Question

Maths : Time Value of Money​

Answer 1

ANSWER:

Given:

• Difference between SI and CI on a certain sum is Rs 228.75
• Rate = 5% p.a.
• Time = 3 years

To Find:

• CI on the sum for 2 years at 5% p.a.

Solution:

We are given that,

$\implies \sf Compound\:Interest - Simple\:Interest=Rs228.75$

First, we will find Compound Interest.

We know that,

$\hookrightarrow \sf Amount_{C.I.}=P\left(1-\dfrac{R}{100}\right)^T$

So,

$\implies \sf Compound\:Interest = Amount-Principal$

$\implies \sf Compound\:Interest = P\left(1+\dfrac{R}{100}\right)^T -P$

Substituting the values of Rate and Time,

$\implies \sf Compound\:Interest = P\left(1+\dfrac{5}{100}\right)^3 -P$

$\implies \sf Compound\:Interest = P\left(\dfrac{105}{100}\right)^3 -P$

$\implies \sf Compound\:Interest = P\left(\dfrac{(105)^3}{(100)^3}-1\right)$

$\implies \sf Compound\:Interest = P\left(\dfrac{(105)^3-1000000}{1000000}\right)$

$\implies \sf Compound\:Interest = P\left(\dfrac{1157625-1000000}{1000000}\right)$

$\implies \sf Compound\:Interest = P\left(\dfrac{157625}{1000000}\right)$

Hence,

$\implies \sf Compound\:Interest = \dfrac{157625P}{1000000} - - - -(1)$

Now, we will find Simple Interest.

We know that,

$\hookrightarrow \sf Simple\:Interest =\dfrac{P\times R\times T}{100}$

Substituting the values of Rate and Time,

$\implies \sf Simple\:Interest =\dfrac{P\times 5\times 3}{100}$

$\implies \sf Simple\:Interest =\dfrac{15P}{100} - - - -(2)$

We had,

$\implies \sf Compound\:Interest - Simple\:Interest=Rs228.75$

Substituting the values of CI & SI,

$\implies \sf \dfrac{157625P}{1000000} - \dfrac{15P}{100} =Rs228.75$

Taking LCM,

$\implies \sf \dfrac{157625P-150000P}{1000000} =Rs228.75$

$\implies \sf \dfrac{7625P}{1000000} =Rs228.75$

$\implies \sf 7625P = 228750000$

So,

$\implies \sf P = \dfrac{228750000}{7625}$

Hence,

$\implies \sf P = Rs30,000$

Now, we need to find, the Compound Interest.
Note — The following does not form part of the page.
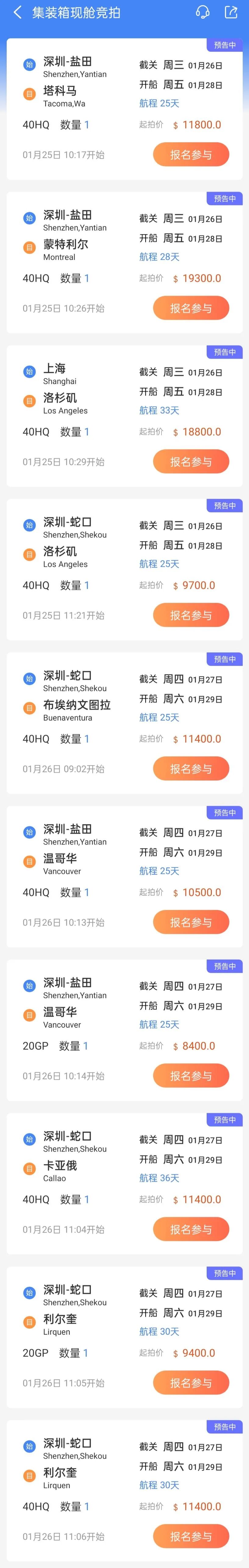 导读:1/25最新舱位竞拍信息!快下载APP查看!

We have, Time = 2years, Rate = 5% p.a. and Principal = Rs30,000

So,

$\implies \sf Compound\:Interest = P\left(1+\dfrac{R}{100}\right)^T -P$

$\implies \sf Compound\:Interest = 30000\left(1+\dfrac{5}{100}\right)^2 -30000$

$\implies \sf Compound\:Interest = 30000\left(\dfrac{105}{100}\right)^2 -30000$

$\implies \sf Compound\:Interest = 30000\left(\dfrac{105\times105}{10000}\right)-30000$

$\implies \sf Compound\:Interest = 3\times11025 - 30000$

$\implies \sf Compound\:Interest = 33075-30000$

Hence,

$\implies \bf Compound\:Interest = Rs 3075$

Therefore, the Compound Interest is Rs 3075.